We all have those days, times, and moments in parenting when things go off course from where we want to be. Trying to balance kids, school, friends, church activities, soccer games, work, and more can really put a strain on a family’s sense of connection and unity. Big feelings turns into tantrums. Jealousies become mean words. Sibling bickering turns into a battlefield in the living room. Parental patience wanes. We’ve all been there at some point. And with this chaos, we become disconnected from each other. So the question is: “What do we do?”
We all need a second chance sometimes. So do our little ones with big feelings they don’t always know how to handle. The option to “re-do” is the opportunity to course-correct a not so great choice, action, or behavior. This can be offered by the parents by simply stating: “Would you like to re-do that one?” Other times, the child can request a “re-do” when they recognize their own behavior is not where they want it to be. Sometimes it is the parent asking to re-do their own reactions. We might not always get it right the first time, but a re-do is a compassionate and empathetic way to allow each other to try again.
The Reset Button:
The “Reset Button” is magic. It is also going to be unique to your child and your family. In my home, our “reset button” is laughter. It reconnects us with ourselves quicker than anything else. For this reason, when tensions run high, or jabs become frequent, I know we need more light-hearted playfulness in our lives. If you’re still looking to discover your family’s reset button, look for moments when you feel most connected. Then look for ways that get you there the quickest.

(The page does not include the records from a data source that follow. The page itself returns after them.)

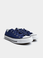 Step out in style with these trendy Chuck Taylor All Star sneakers. They offer a perfect blend of comfort and durability. Featuring a vibrant blue and white colorway, these sneakers are sure to make a statement. With a non-gender specific design, they are suitable for anyone looking for a versatile and fashionable footwear option. Get ready to step up your sneaker game with these cool kicks!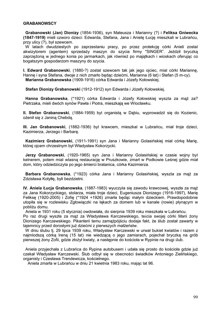 GRABANOWSCY Grabanowski (Jan) Dionizy (1854-1936), syn Mateusza i Marianny (?) i Feliksa Gniwecka (1847-1919) mieli czworo dzieci: Edwarda, Stefana, Jana i Anielę Łucję mieszkali w Lubrańcu, przy ulicy (?), był szewcem. W latach dwudziestych po zaprzestaniu pracy, po przez protekcję córki Anieli został akwizytorem (agentem) sprzedaŜy maszyn do szycia firmy "SINGER”. Jeździł bryczką zaprzęŜoną w jednego konia po jarmarkach, jak równieŜ po majątkach i wioskach oferując co bogatszym gospodarzom maszyny do szycia. I. Edward Grabanowski, (1880-?) został szewcem tak jak jego ojciec, miał córki Mariannę, Hannę i syna Stefana, dwoje z nich zmarło będąc dziećmi, Marianna (6 lat) i Stefan (5 m-cy). Marianna Grabanowska (1909-1916) córka Edwarda i Józefy Kołowskiej. Stefan Dionizy Grabanowski (1912-1912) syn Edwarda i Józefy Kołowskiej. Hanna Grabanowska, (*1921) córka Edwarda i Józefy Kołowskiej wyszła za mąŜ za? Pietrzaka, mieli dwóch synów Pawła i Piotra, mieszkają we Włocławku. II. Stefan Grabanowski, (1884-1959) był organistą w Dąbiu, wyprowadził się do Kozienic, oŜenił się z Janiną Chebdą. III. Jan Grabanowski, (1882-1936) był krawcem, mieszkał w Lubrańcu, miał troje dzieci, Kazimierza, Jerzego i Barbarę. Kazimierz Grabanowski, (1911-1991) syn Jana i Marianny Golasińskiej miał córkę Marię, której ojcem chrzestnym był Władysław Kokorzycki. Jerzy Grabanowski, (1920-1965) syn Jana i Marianny Golasińskiej w czasie wojny był kelnerem, potem miał własną restaurację w Pruszkowie, zmarł w Podkowie Leśnej gdzie miał dom, który odziedziczyła po jego śmierci bratanica, córka Kazimierza. Barbara Grabanowska, (*1923) córka Jana i Marianny Golasińskiej, wyszła za mąŜ za Zdzisława Kotyłłę, byli bezdzietni. IV. Aniela Łucja Grabanowska, (1887-1983) wyuczyła się zawodu krawcowej, wyszła za mąŜ za Jana Kokorzyckiego, stolarza, miała troje dzieci, Eugeniusza Dionizego (1916-1997), Marię Feliksę (1920-2005) i Zofię (*1924 +1926) zmarła będąc małym dzieckiem. Prawdopodobnie utopiła się w rozlewisku Zgłowiączki na łąkach za domem lub w kanale (rowie) płynącym w pobliŜu domu. Aniela w 1931 roku (5 stycznia) owdowiała, do sierpnia 1939 roku mieszkała w Lubrańcu. Po raz drugi wyszła za mąŜ za Władysława Karczewskiego, teścia swojej córki Marii Ŝony Dionizego Karczewskiego. Pikanterii temu zamąŜpójściu dodaje fakt, Ŝe ślub został zawarty w tajemnicy przed dorosłymi juŜ dziećmi z pierwszych małŜeństw. W dniu ślubu tj. 29 lipca 1939 roku, Władysław Karczewski w urwał bukiet kwiatów i razem z najmłodszą córką Ireną (15 lat) nie wiedzącą o jego zamiarach, pojechał bryczką na grób pierwszej Ŝony Zofii, gdzie złoŜył kwiaty, a następnie do kościoła w Rypinie na drugi ślub. Aniela przyjechała z Lubrańca do Rypina autobusem i udała się prosto do kościoła gdzie juŜ czekał Władysław Karczewski. Ślub odbył się w obecności świadków Antoniego Zielińskiego, organisty i Czesława Trendewicza, kościelnego. Aniela zmarła w Lubrańcu w dniu 21 kwietnia 1983 roku, mając lat 96. 99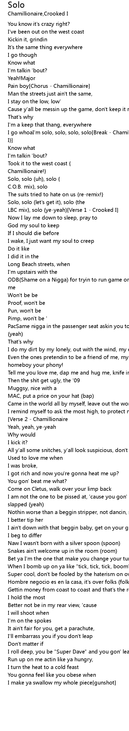 I go whoaI'm solo, solo, solo, solo[Break - Chamillionaire - talking {Crooked I}] |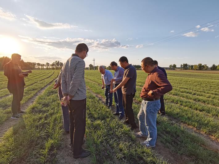 5月26日,調(diào)研組驅(qū)車300公里來(lái)到長(zhǎng)嶺草地農(nóng)牧生態(tài)研究站,就松嫩草地優(yōu)質(zhì)牧草生產(chǎn)和畜牧業(yè)持續(xù)發(fā)展問(wèn)題開(kāi)展調(diào)研。站長(zhǎng)周道瑋研究員和吉林省畜牧業(yè)管理局長(zhǎng)嶺種馬場(chǎng)場(chǎng)長(zhǎng)張鐵軍陪同了調(diào)研。周道瑋重點(diǎn)介紹了秸稈添加+噴淋沖洗、覆沙+噴淋沖洗等關(guān)鍵技術(shù),鐘榮珍研究員介紹了秸稈養(yǎng)羊舍飼模式和肉質(zhì)改善關(guān)鍵技術(shù)。隨后,調(diào)研組來(lái)到長(zhǎng)嶺站與吉林省圣一金地生物質(zhì)開(kāi)發(fā)有限公司合作建立的草地農(nóng)牧業(yè)示范基地,公司董事長(zhǎng)龔政介紹了雙方合作創(chuàng)建的“小冰麥+燕麥草”、“燕麥+燕麥草”一年二季作物種植模式和20萬(wàn)畝退化草原高效流轉(zhuǎn)利用情況。調(diào)研組一行就種植技術(shù)的經(jīng)濟(jì)效益、市場(chǎng)前景進(jìn)行了詳細(xì)了解,并圍繞“噴淋+秸稈+生物菌”技術(shù)、智慧農(nóng)業(yè)管理平臺(tái)和食用菌菌絲化多功能秸稈飼料研發(fā)進(jìn)行了深入座談。
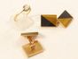 Paire de boutons de manchette en or 750 mil à plateaux rectangulaires orné d'une plaque d'onyx et d'oeil de tigre, bague en or 750 mil ornée d'une rose couronnée accidentée. (TDD : 58). 14 g. brut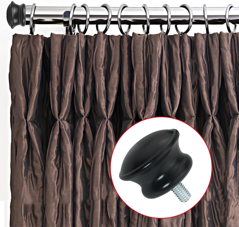 Appearance: The curtain rod ends have a classic mushroom shape design, suitable for matching with various colors of curtain rods. Confirm the size of the curtain rod head and curtain rod, as well as the size of the screws before ordering.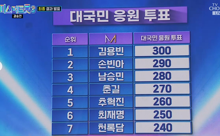 김용빈은 7주 연속 대국민 응원투표 1위를 기록하며 꾸준한 인기를 증명했습니다. 결승전에서도 그의 뛰어난 실력과 매력으로 공동 1위라는 좋은 성적을 거두었습니다.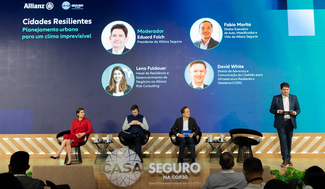 Cidades resilientes: Quando o assunto é clima, as cidades são peças fundamentais. Primeiro, porque contribuem para as mudanças do clima (impermeabilidade do solo, emissões de gases de efeito estufa, falta de áreas verdes). Por outro lado, concentram pessoas, riqueza e, consequentemente, o impacto dos riscos climáticos. O empoderador Allianz discutiu sobre o tema na parte da manhã.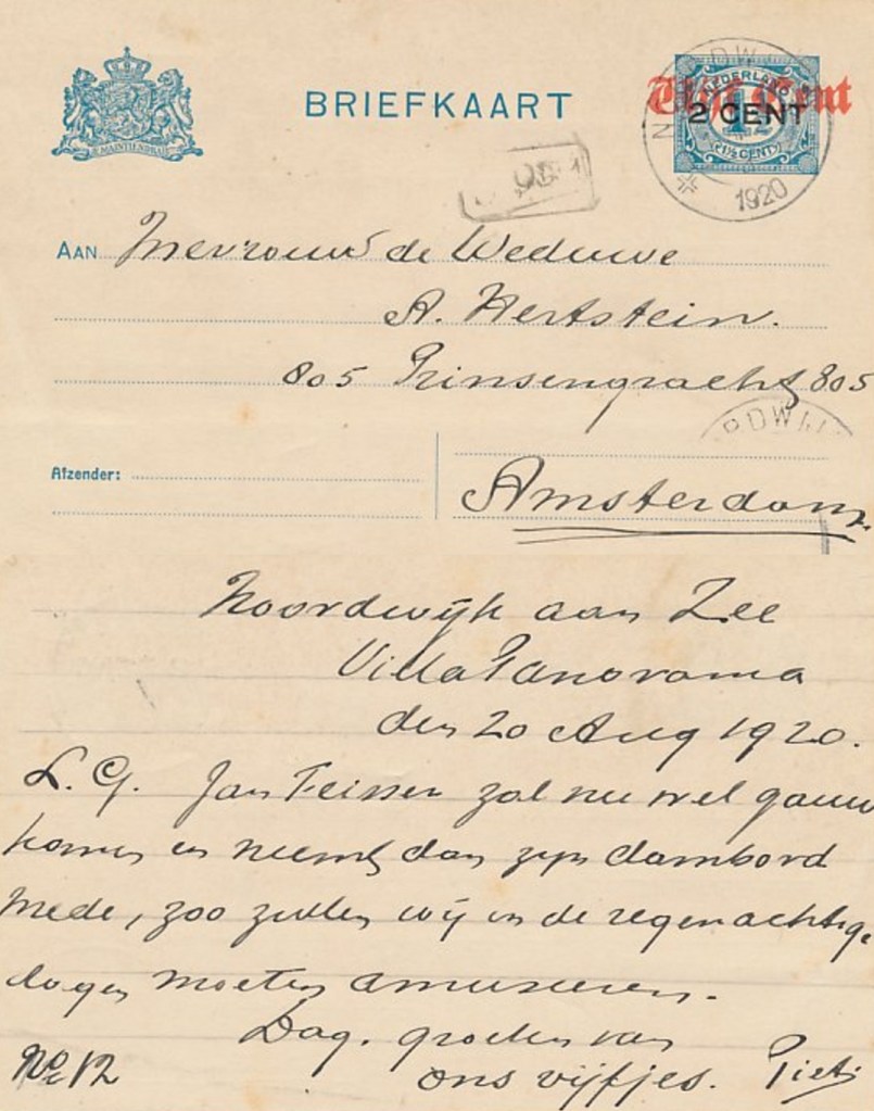 Piet berichtte aan een kennis of familielid in Amsterdam dat alleszins reden was te veronderstellen dat hij zich de komende dagen in Pension Panorama zou moeten amuseren met een dambord. Verzoek was dan ook om zo’n dambord mee te nemen ‘in de regenachtige dagen.’ De somberheid van Piet over het weer en de amusementsmogelijkheden hadden een oorzaak: op 20 augustus 1920 – de dag dat Piet zijn missive schreef – was er volgens de weerberichten uit die tijd 0% zonneschijn, viel er 28 mm regen en was het relatief stervenskoud voor de tijd van het jaar: 11.7°C.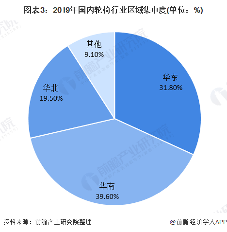 我國輪椅主要的生產(chǎn)基地集中在上海、廣東、江浙和天津等地區(qū),華南、華東地區(qū)占據(jù)主要市場。截止2019年,我國國內輪椅行業(yè)區(qū)域集中度分別為華東31.8%,華南39.6%,華北19.5%,其他9.1%。
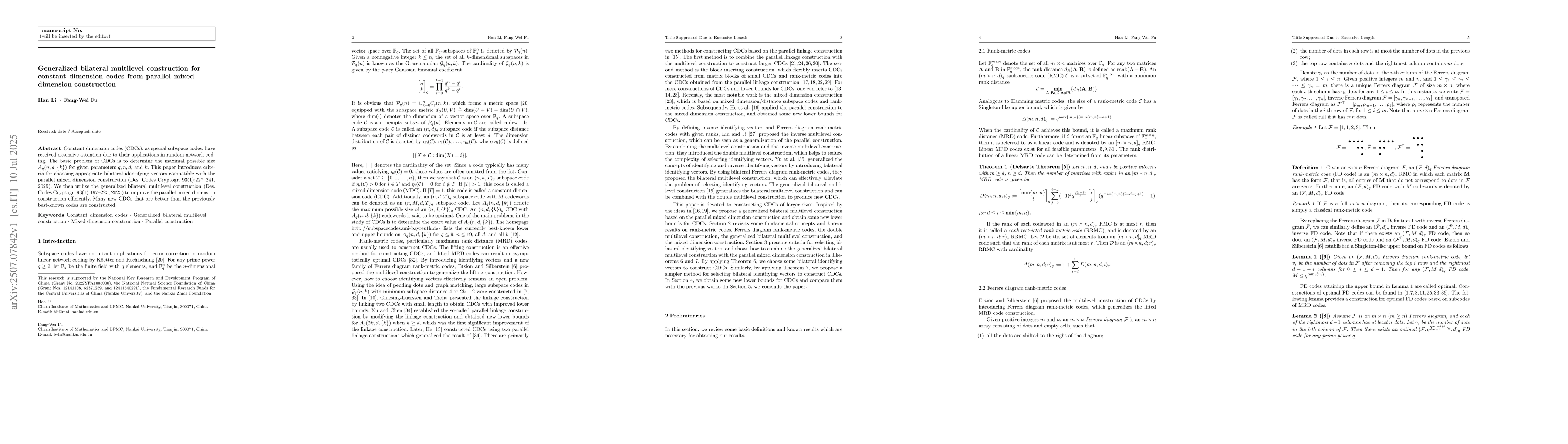 Constant dimension codes (CDCs), as special subspace codes, have received extensive attention due to their applications in random network coding. The basic problem of CDCs is to determine the maximal possible size $A_q(n,d,\{k\})$ for given parameters $q, n, d$, and $k$. This paper introduces criteria for choosing appropriate bilateral identifying vectors compatible with the parallel mixed dimension construction (Des. Codes Cryptogr. 93(1):227--241, 2025). We then utilize the generalized bilateral multilevel construction (Des. Codes Cryptogr. 93(1):197--225, 2025) to improve the parallel mixed dimension construction efficiently. Many new CDCs that are better than the previously best-known codes are constructed.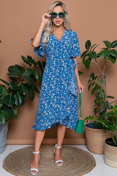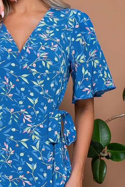 Платье из текстильного полотна с полным-функциональным запахом.По бортам вшиты пояски,которые завязываются и позволяют регулировать ширину платья по талии.Мягкий рукав-крыло и волан по юбке придают платью необыкновенную женственность.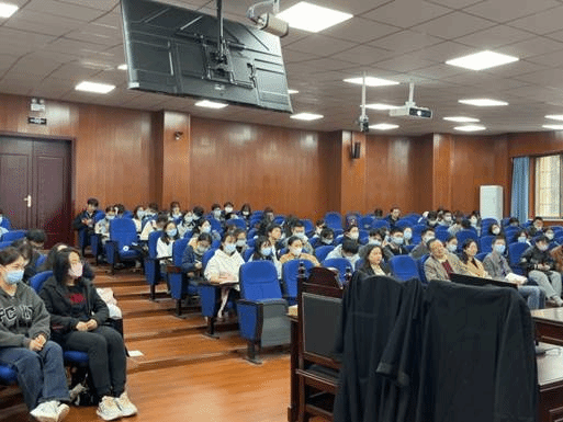 模拟法庭教室里,洋溢着浓郁的学习氛围和热烈的青春气息。丁文从党的二十大精神、对青年的殷切期望两个方面,与同学们进行了深入交流。
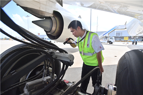 潘陳表示:“現(xiàn)在很多人都說(shuō)00后是‘溫室里的花朵’,我不同意。我們00后也‘曬得陽(yáng)光淋得雨’,也能吃苦也能擔(dān)起擔(dān)子,我們知道只有踏踏實(shí)實(shí)學(xué)技術(shù)、強(qiáng)本領(lǐng),才能收獲成長(zhǎng),才會(huì)有所提高?!迸岁惐硎?#xff0c;現(xiàn)在是航班生產(chǎn)的旺季,正是缺人手的時(shí)候,保障好旺季航班、服務(wù)好旅客出行是自己的職責(zé)和使命。另一方面,從自身發(fā)展來(lái)說(shuō),他也希望能夠加快學(xué)習(xí)的步伐,盡早完成從“勤務(wù)機(jī)務(wù)”到“維修工程師”再到“放行工程師”的“升級(jí)”?!澳軌颡?dú)立放行一個(gè)航班,是我的目標(biāo)和夢(mèng)想,這意味著我那時(shí)擁有了成熟的技術(shù)、有了承擔(dān)責(zé)任的能力、能夠肩負(fù)起旅客和公司的信任,我將為此而不斷努力?!?/p>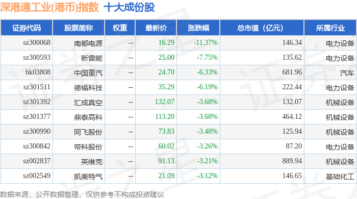 深港通工业(港币)(983018)指数十大成份股详情如下:
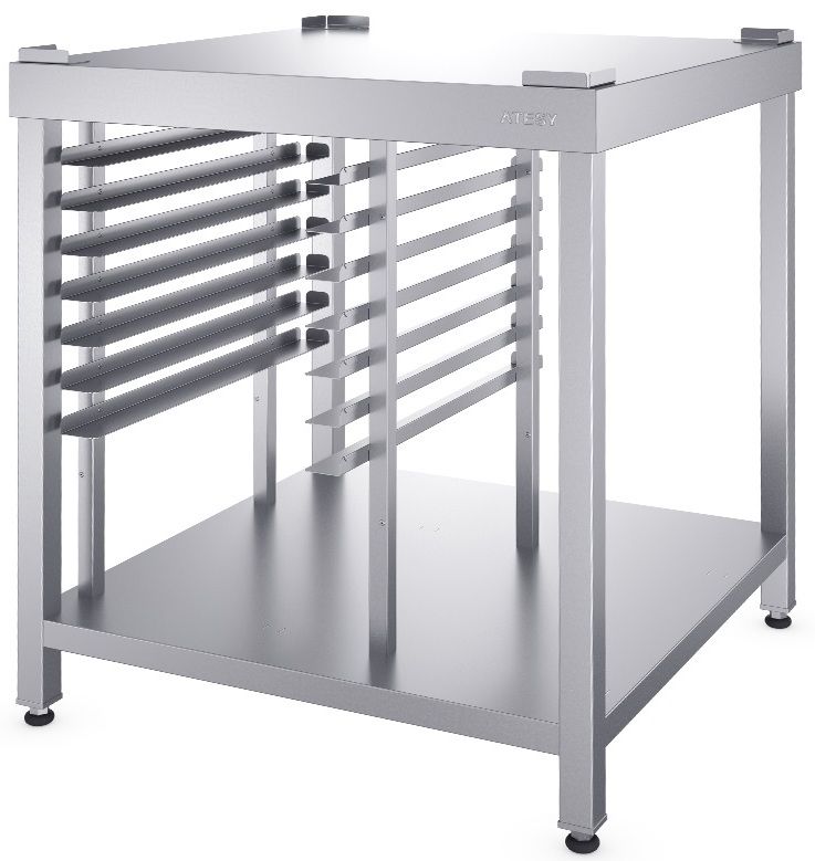 Подставка ATESY ПДТ-Л-840.600.960-02 серии Люкс используется на предприятиях общественного питания и торговли для установки пароконвектоматов Рубикон, а также другого технологического и кухонного оборудования. Столешница, полка и направляющие выполнены из нержавеющей стали AISI 304 толщиной 0,8 мм, стойки - из нержавеющей трубы 40х40 мм.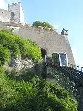 The Festungsbahn is a funicular railway providing access to Hohensalzburg Fortress in Salzburg municipality in Austria. It links the fortress with Festungsgasse, below the northern side of the fortress's walls. The Festungsbahn opened in 1892, and should not be confused with the much older Reisszug line that provides goods access to the castle.[2][3]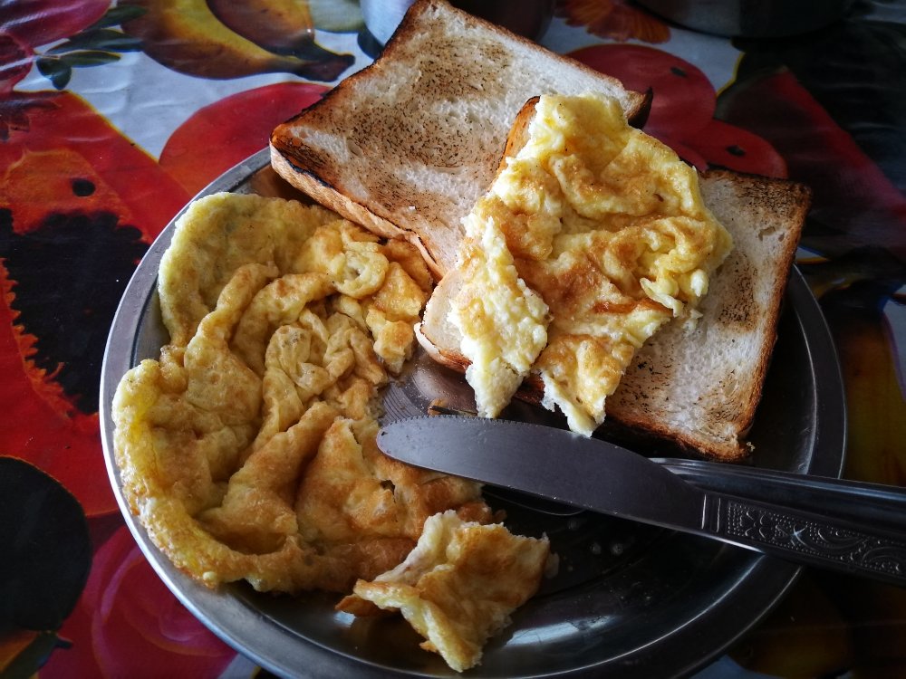 Geschlafen habe ich den Umständen entsprechend ganz gut. Bei Licht habe ich erst mal das Bike begutachtet. Trotz des geschaukel ist alles i.O., bis auf dem Platten hinten.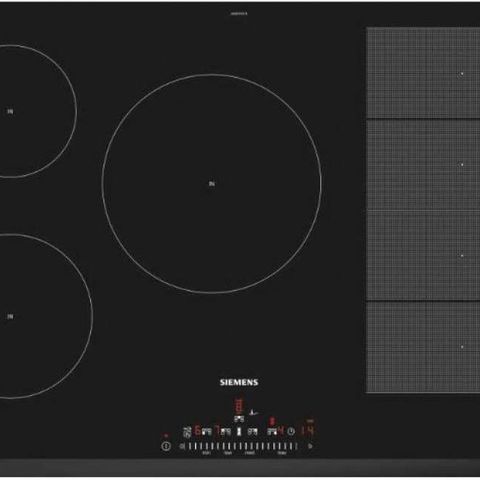 Siemens induktionskogeplade med glaskeramisk overflade. Kogepladen er designet til effektiv og præcis madlavning ved hjælp af induktionsteknologi.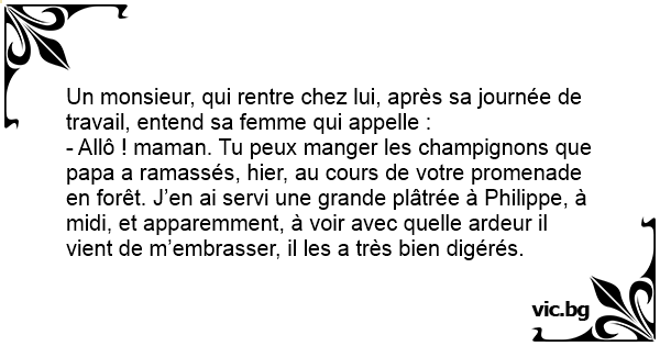 - Allô ! maman. Tu peux manger les champignons que papa a ramassés, hier, au cours de votre promenade en forêt. J’en ai servi une grande plâtrée à Philippe, à midi, et apparemment, à voir avec quelle ardeur il vient de m’embrasser, il les a très bien digérés.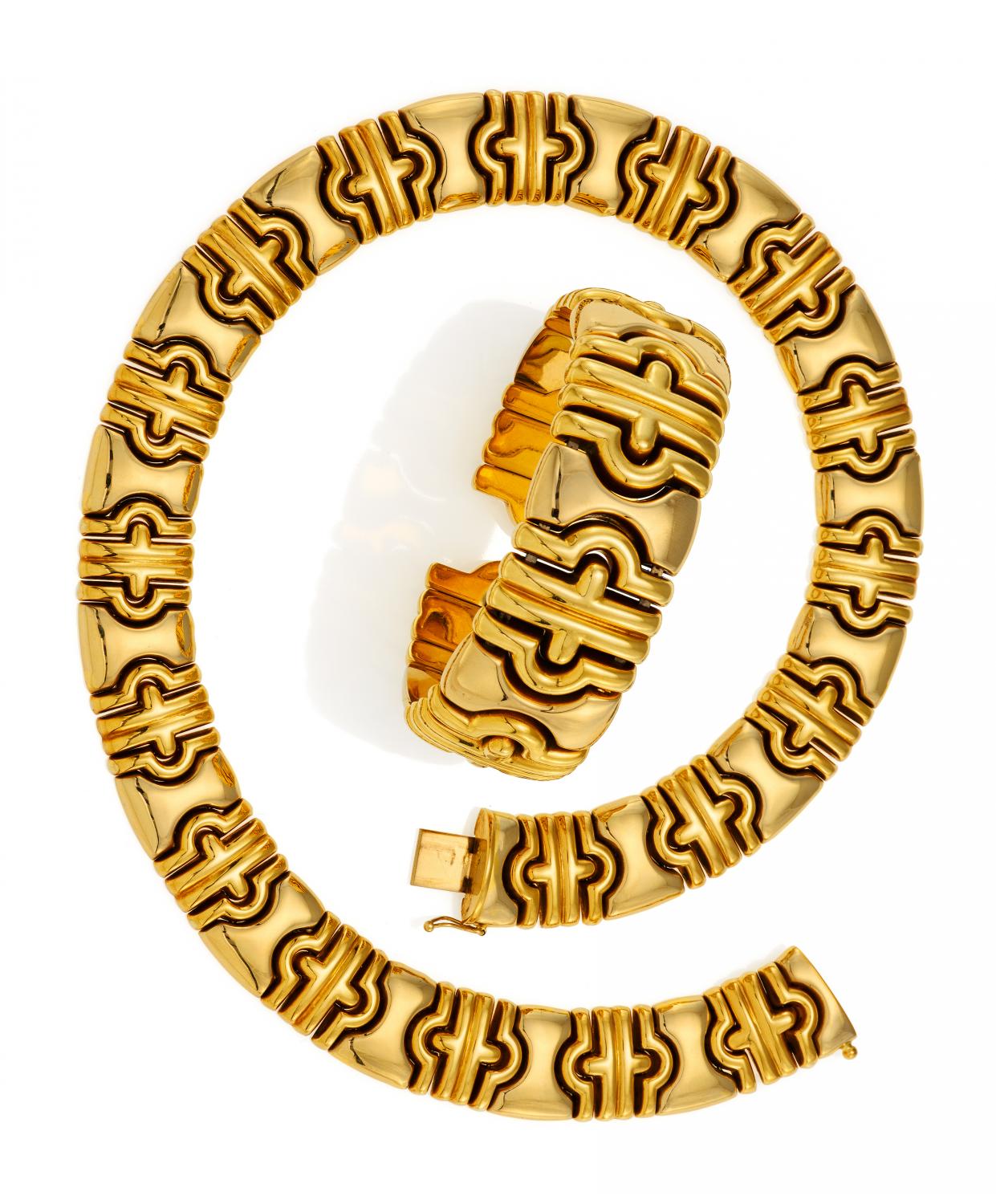 GOLD-SET: HALSKETTE UND ARMREIF.

Your child needs you. They may not know how to say it, but big acting out behaviors are a cry for help, attention, and connection. Take time one-on-one with your child doing meaningful activities that will bring you closer together. Then, encourage activities with your children that will help reconnect them with each other. It can be as simple as drawing or reading together, playing a board game or jumping on the tramp. The point is to refill their buckets with positivity and love.
Sometimes in the heat of the moment, or when we’re on the front lines of parenting, we forget that we have options. We don’t have to react though; we can pause, take our time, and respond in ways that will lead to more positive outcomes. Next time, try using these three simple steps to help you either stay connected, or reconnect with your children in a meaningful way.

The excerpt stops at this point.